* _Dataset entries_
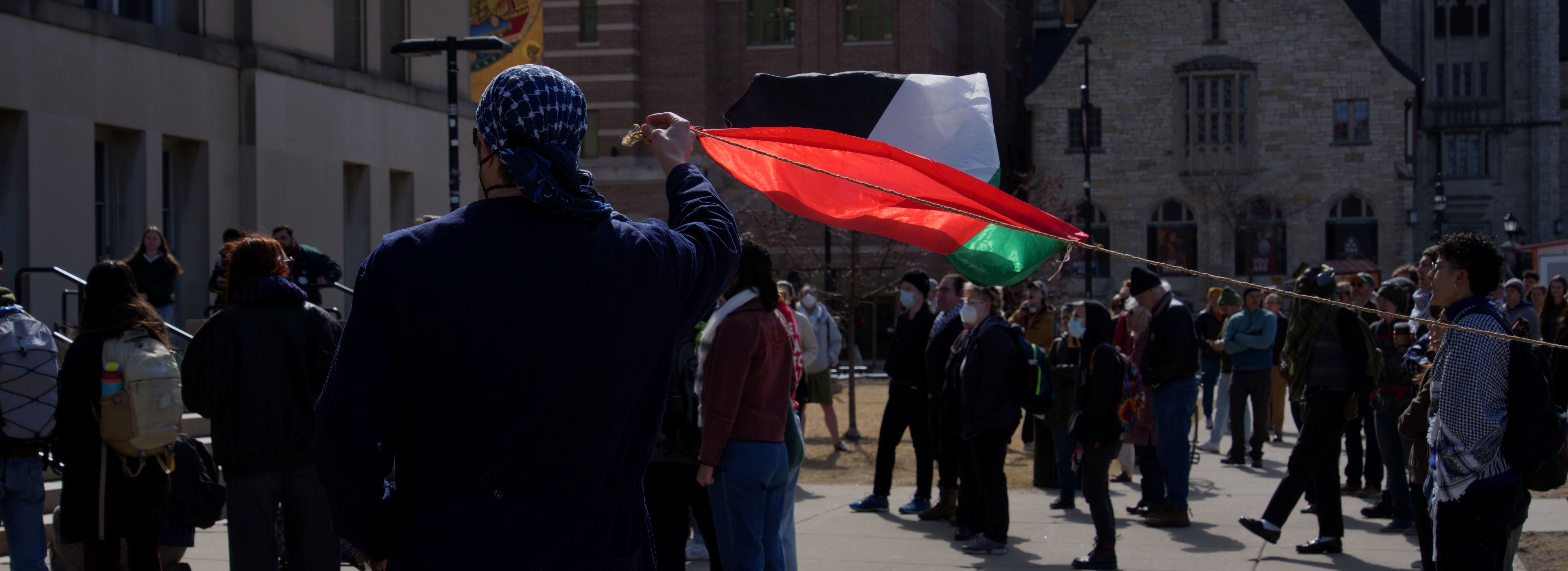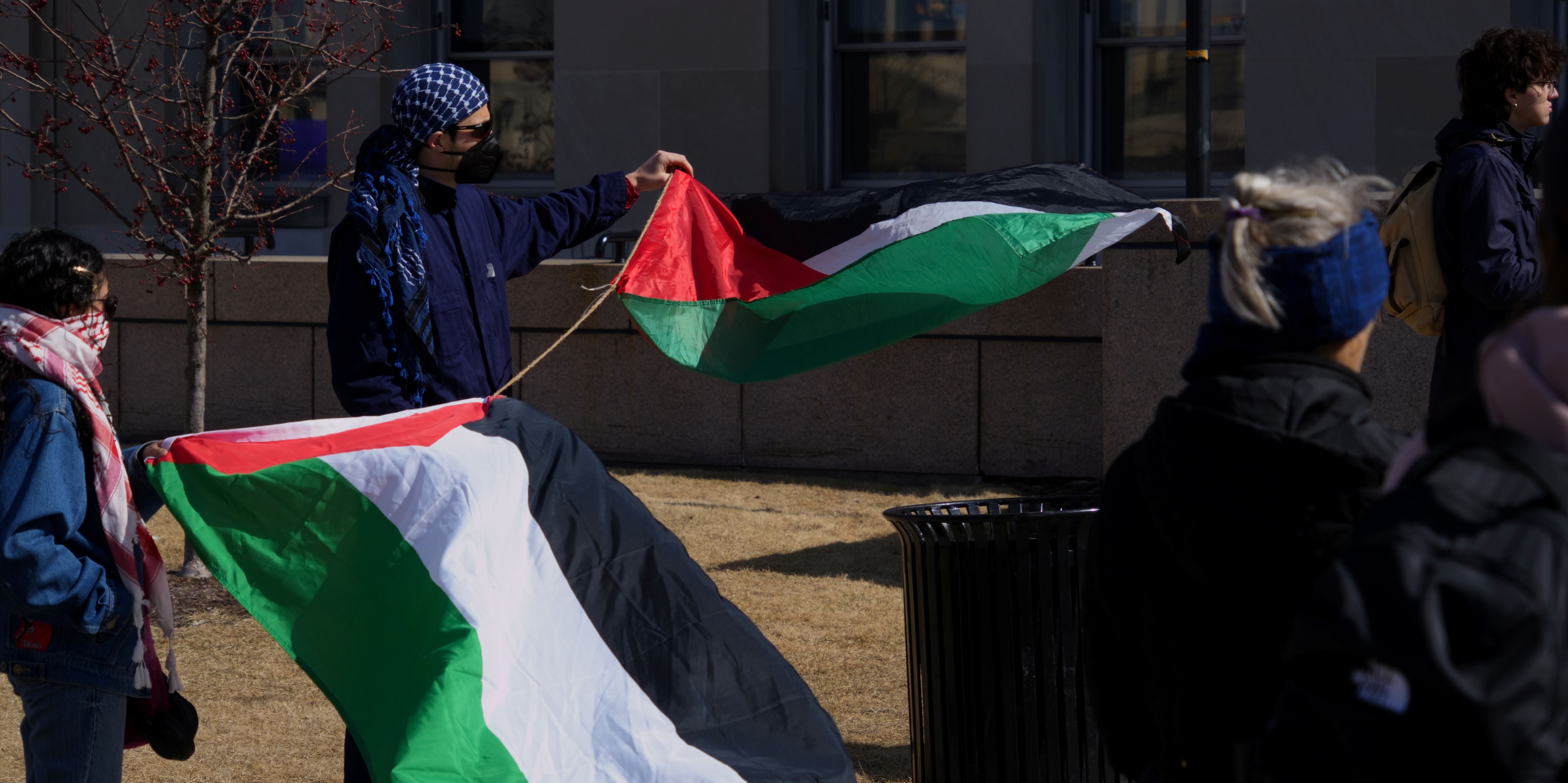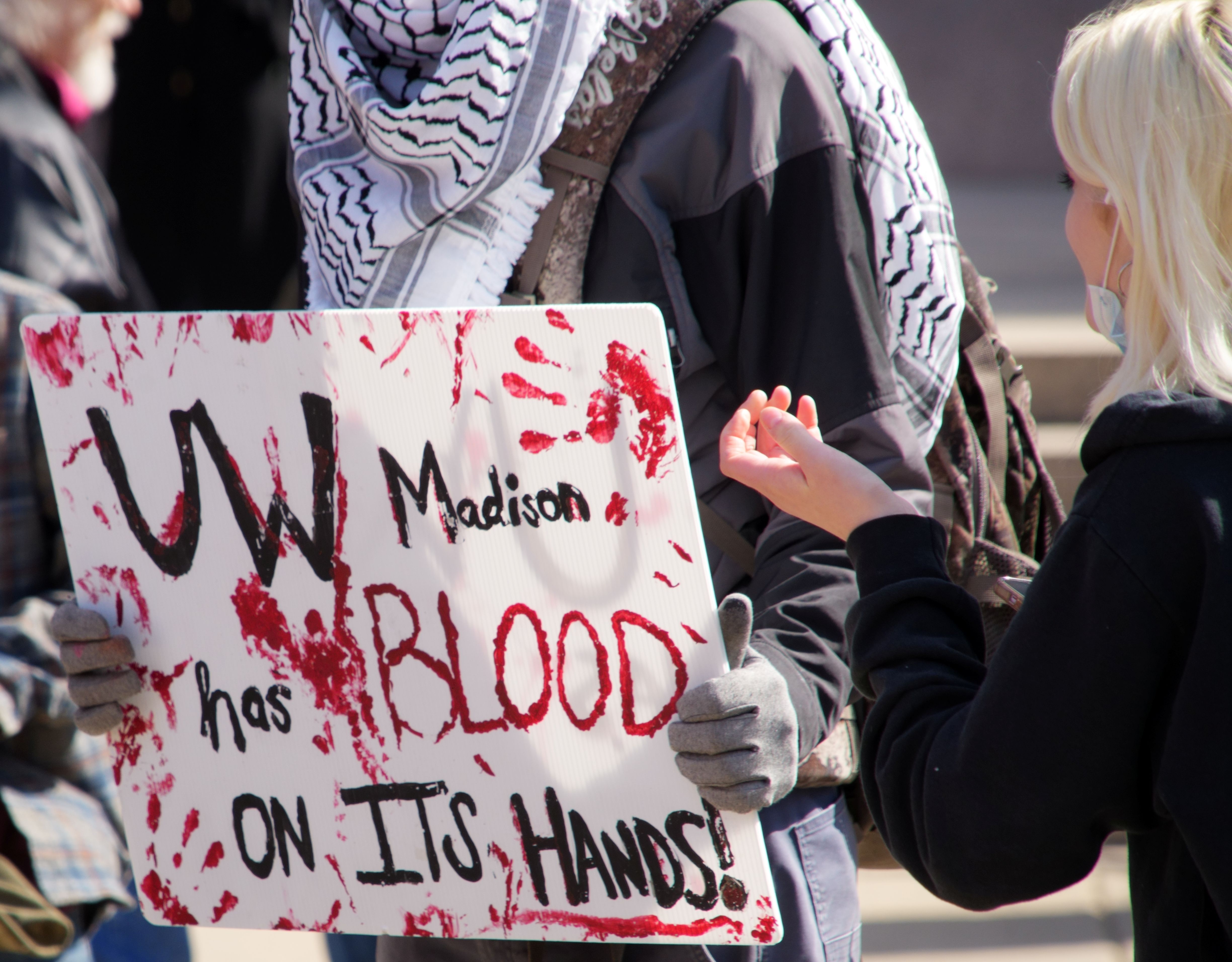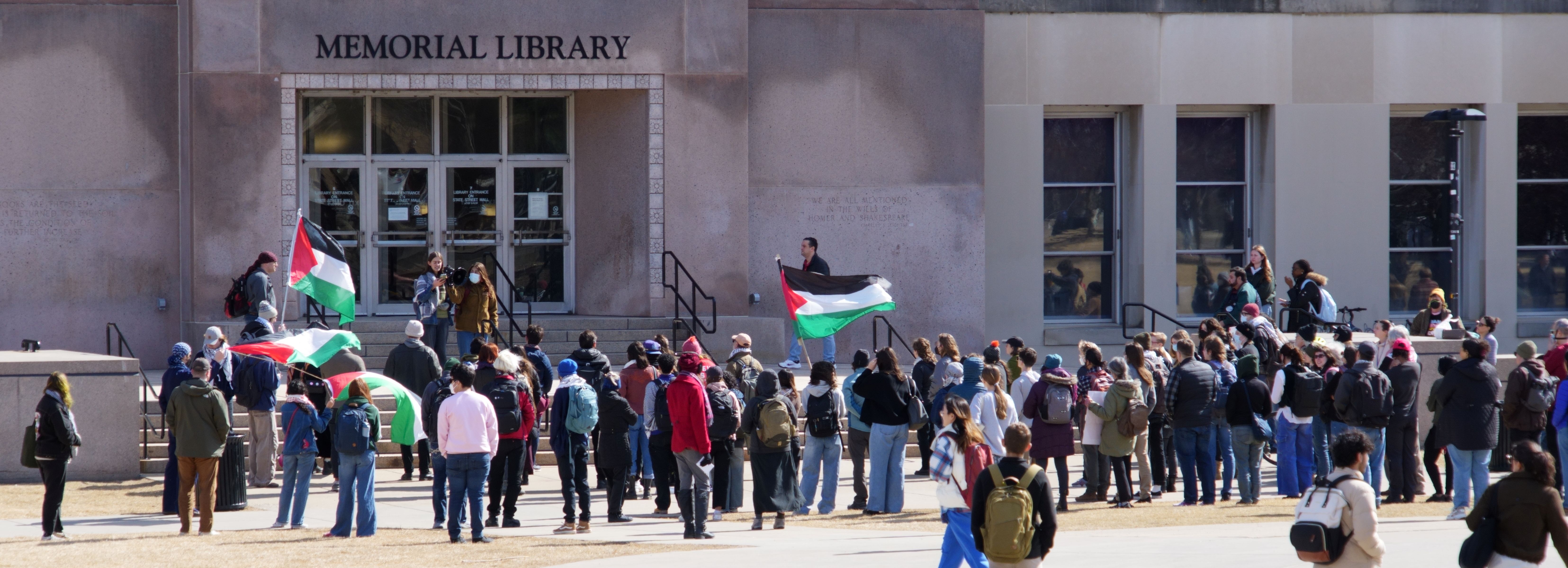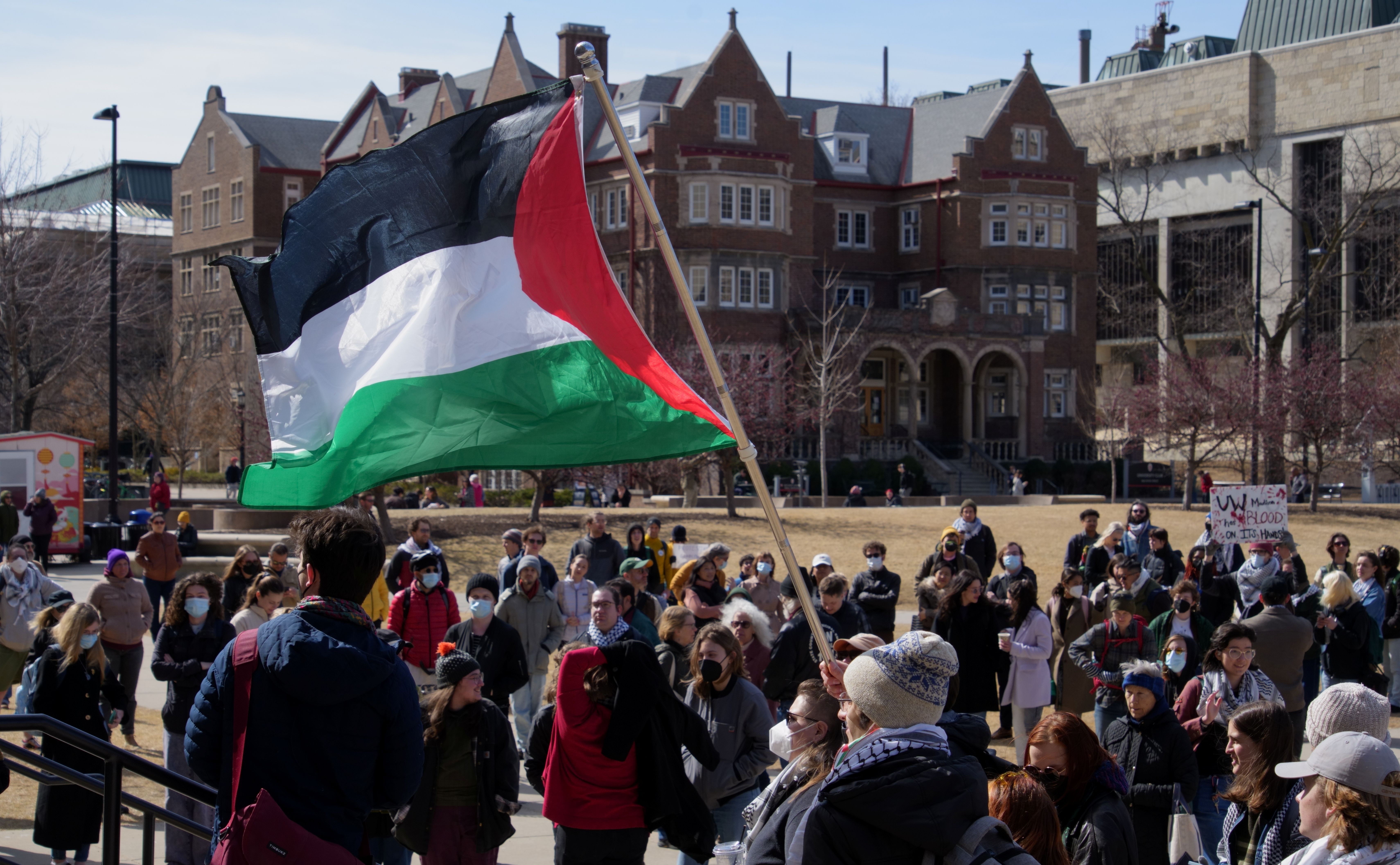 The following photos were taken at “Walk Out for Mahmoud” yesterday on the University of Wisconsin, Madison campus. Another rally is being organized by the Wisconsin Coalition for Justice in Palestine (WCJP), that I am a member of, in Milwaukee on Friday. I arrived at yesterday’s rally early and introduced myself to the small group of organizers getting ready. They were happy to hear of the support from the coalition.
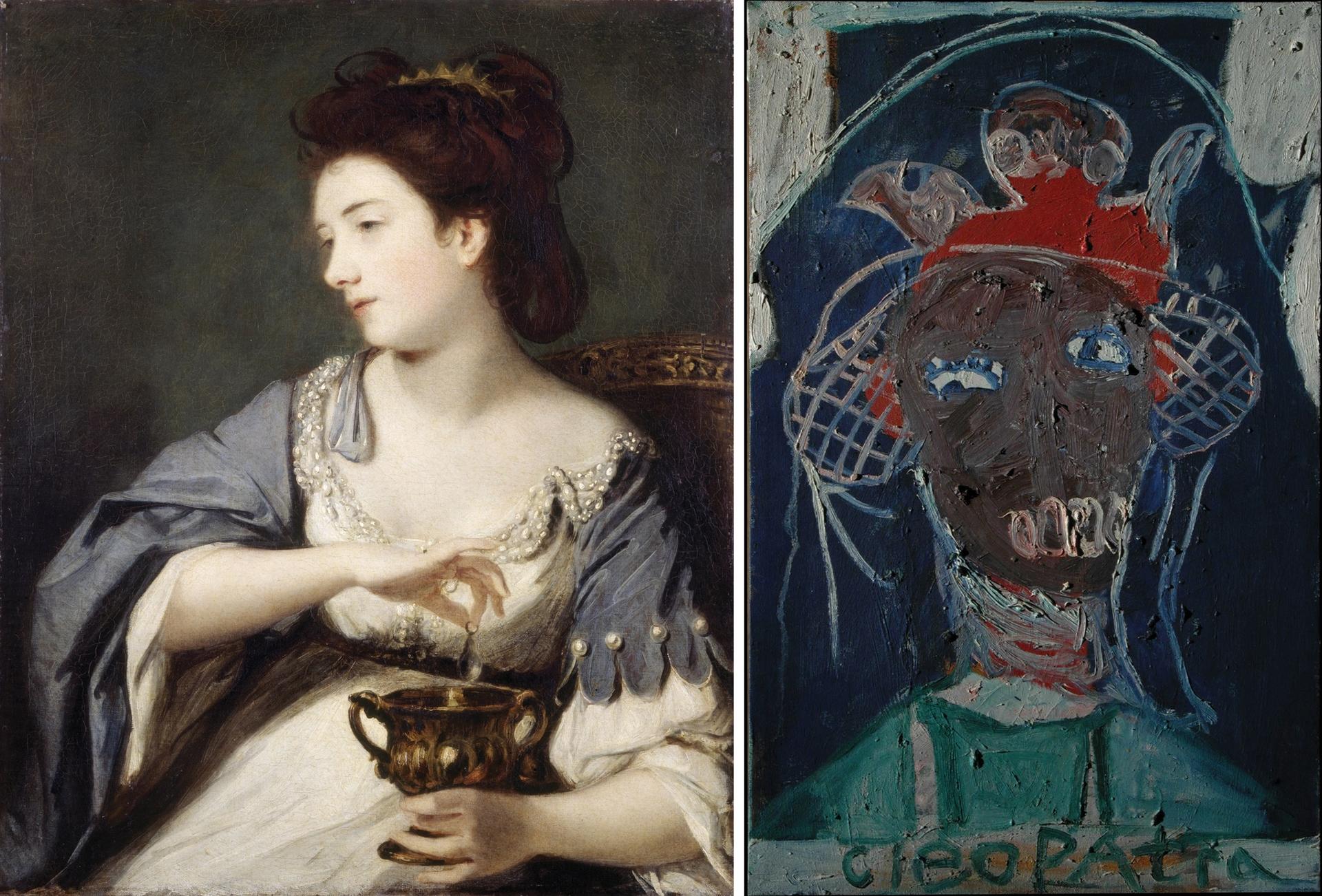 Two visions of Cleopatra: Joshua Reynolds's Kitty Fisher as Cleopatra Dissolving the Pearl (1759, left) and Chris Ofili's Cleopatra (1992, right). Reynolds: © Historic England Archive; Ofili: © Royal College of Art
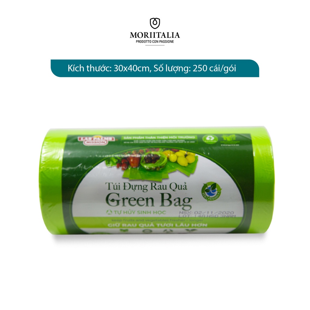 - Túi đựng rau quả Green Bag thương hiệu Laspalms là loại túi nilon phân hủy sinh học, không gây ô nhiễm môi trường như các loại túi nhựa thông thường.
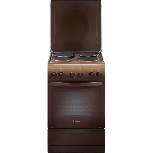 Размеры: 50х58.5х85 см. 4 конфорки. Объем духовки 52л. Экспресс-конфорка. Электрогриль. Подсветка духовки одинарная. Штампованные направляющие духовки. Регулировочные ножки. Коричневый эмалированный фасад.
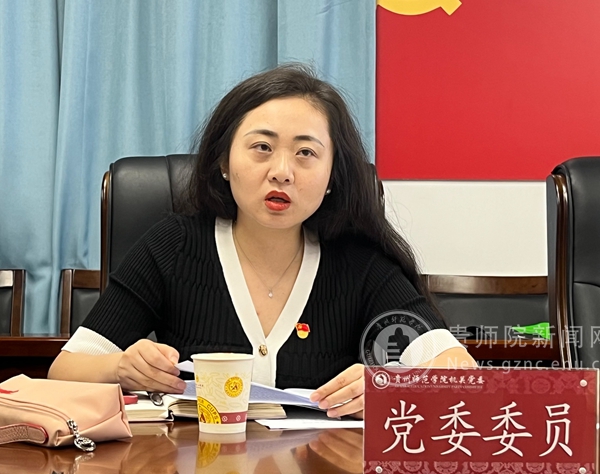 在交流发言环节,机关第十支部书记、人事处处长宋婷禹围绕主题作了心得分享。她提出,要用实际行动去践行我们立德树人的根本方法,为学校高质量发展贡献力量。机关第七支部书记、质评办主任任翠娟围绕主题,深刻阐述了把立德树人成效作为检验学校一切工作标准的发言;机关第十二支部书记,后勤处处长干正洋围绕主题并结合工作实际分享了后勤保障工作中落实立德树人根本任务,服务学校高质量发展的心得体会。
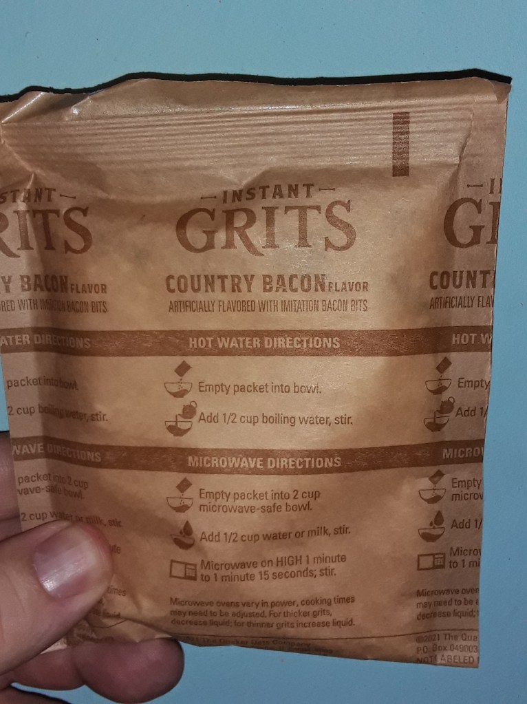 For dinners I do a lot of different things from eggs and grits mix I bring from home (instant not real), sometimes I make soup from mixes and boiling water or oat mill type dishes since Oats are easy to find in TZ. I also get SPAM singles in the USA to mix in with the eggs sometimes or eat like a sandwhich.
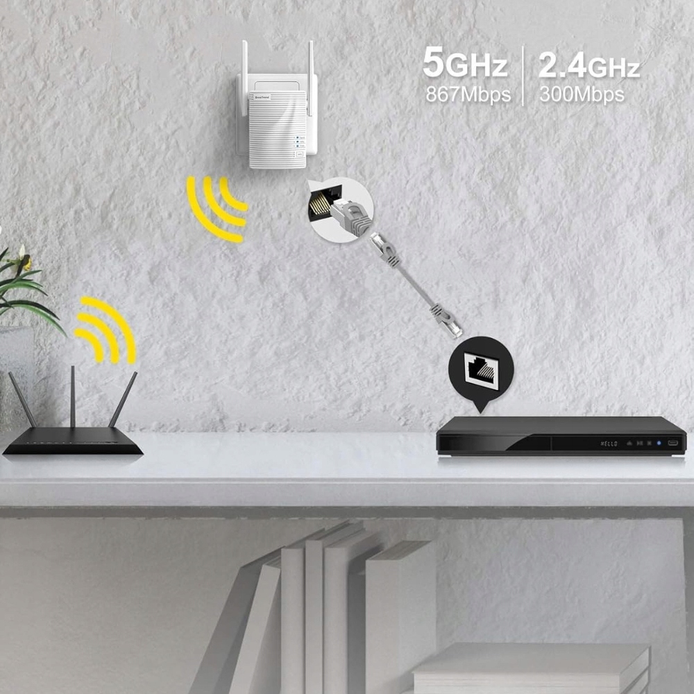 Brosstrend AC1200-це двосмуговий адаптер Wi-Fi на Ethernet для підключення проводних пристроїв до бездротової мережі. Завдяки швидкості до 1200 Мбіт/с, регульованих антенах та легкій конфігурації WPS, це ідеально підходить для смарт -телевізора, ігрових консолей або мережних принтерів.
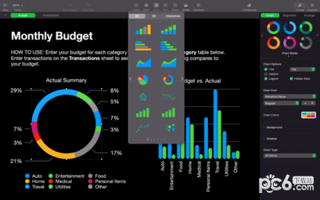 1. 多樣的圖表模板:Numbers for Mac提供了多種圖表模板,您可以根據(jù)不同的需要選擇圖表類型進(jìn)行數(shù)據(jù)可視化。
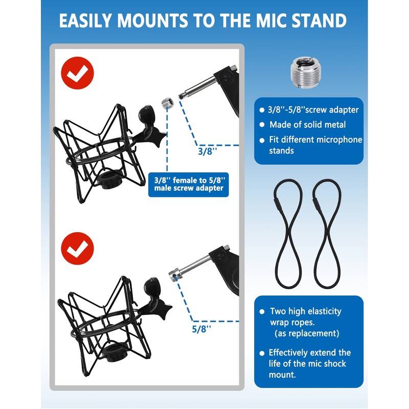 Package List:1 x Microphone Shock Mount; 1 x 3/8’’Screw Adapter; 2 x rubber rope; 4pcs different size bottom screws
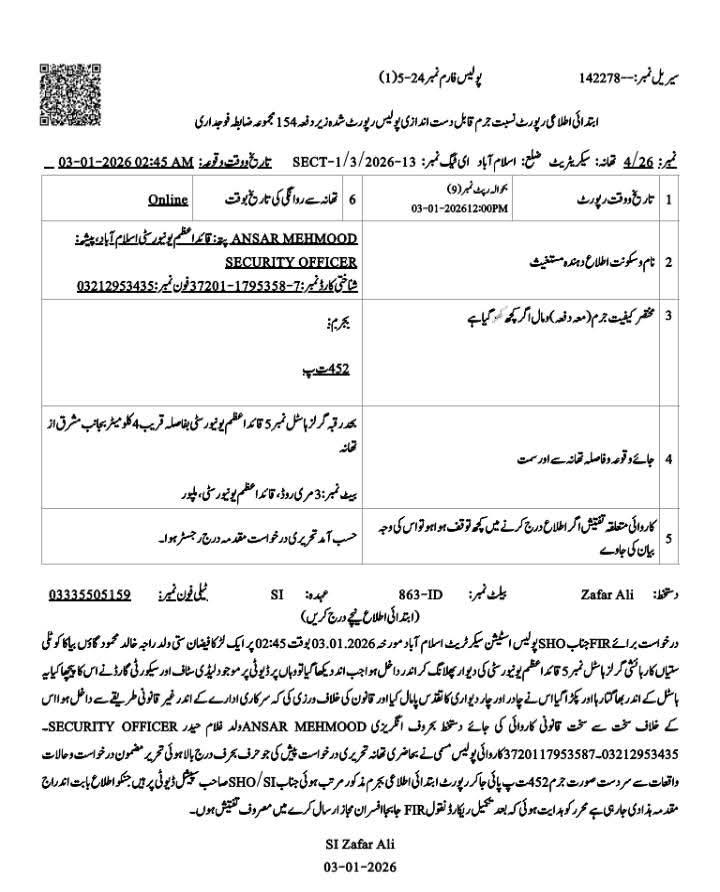 گزشتہ رات تھانہ سیکرٹریٹ ایریا کی حدود میں واقع قائداعظم یونیورسٹی کے گرلز ہاسٹل نمبر 5 میں ایک نوجوان دیوار پھلانگ کر داخل ہو گیا، جس کی ویڈیو سوشل میڈیا پر وائرل ہو گئی۔

* _WHAT YOU HAVE TO DO_
Every entry above should be written out again verbatim, with no pictures included.

* _TASK RESPONSE_
 The following photos were taken at “Walk Out for Mahmoud” yesterday on the University of Wisconsin, Madison campus. Another rally is being organized by the Wisconsin Coalition for Justice in Palestine (WCJP), that I am a member of, in Milwaukee on Friday. I arrived at yesterday’s rally early and introduced myself to the small group of organizers getting ready. They were happy to hear of the support from the coalition.
 Two visions of Cleopatra: Joshua Reynolds's Kitty Fisher as Cleopatra Dissolving the Pearl (1759, left) and Chris Ofili's Cleopatra (1992, right). Reynolds: © Historic England Archive; Ofili: © Royal College of Art
 - Túi đựng rau quả Green Bag thương hiệu Laspalms là loại túi nilon phân hủy sinh học, không gây ô nhiễm môi trường như các loại túi nhựa thông thường.
 Размеры: 50х58.5х85 см. 4 конфорки. Объем духовки 52л. Экспресс-конфорка. Электрогриль. Подсветка духовки одинарная. Штампованные направляющие духовки. Регулировочные ножки. Коричневый эмалированный фасад.
 在交流发言环节,机关第十支部书记、人事处处长宋婷禹围绕主题作了心得分享。她提出,要用实际行动去践行我们立德树人的根本方法,为学校高质量发展贡献力量。机关第七支部书记、质评办主任任翠娟围绕主题,深刻阐述了把立德树人成效作为检验学校一切工作标准的发言;机关第十二支部书记,后勤处处长干正洋围绕主题并结合工作实际分享了后勤保障工作中落实立德树人根本任务,服务学校高质量发展的心得体会。
 For dinners I do a lot of different things from eggs and grits mix I bring from home (instant not real), sometimes I make soup from mixes and boiling water or oat mill type dishes since Oats are easy to find in TZ. I also get SPAM singles in the USA to mix in with the eggs sometimes or eat like a sandwhich.
 Brosstrend AC1200-це двосмуговий адаптер Wi-Fi на Ethernet для підключення проводних пристроїв до бездротової мережі. Завдяки швидкості до 1200 Мбіт/с, регульованих антенах та легкій конфігурації WPS, це ідеально підходить для смарт -телевізора, ігрових консолей або мережних принтерів.
 1. 多樣的圖表模板:Numbers for Mac提供了多種圖表模板,您可以根據(jù)不同的需要選擇圖表類型進(jìn)行數(shù)據(jù)可視化。
 Package List:1 x Microphone Shock Mount; 1 x 3/8’’Screw Adapter; 2 x rubber rope; 4pcs different size bottom screws
 گزشتہ رات تھانہ سیکرٹریٹ ایریا کی حدود میں واقع قائداعظم یونیورسٹی کے گرلز ہاسٹل نمبر 5 میں ایک نوجوان دیوار پھلانگ کر داخل ہو گیا، جس کی ویڈیو سوشل میڈیا پر وائرل ہو گئی۔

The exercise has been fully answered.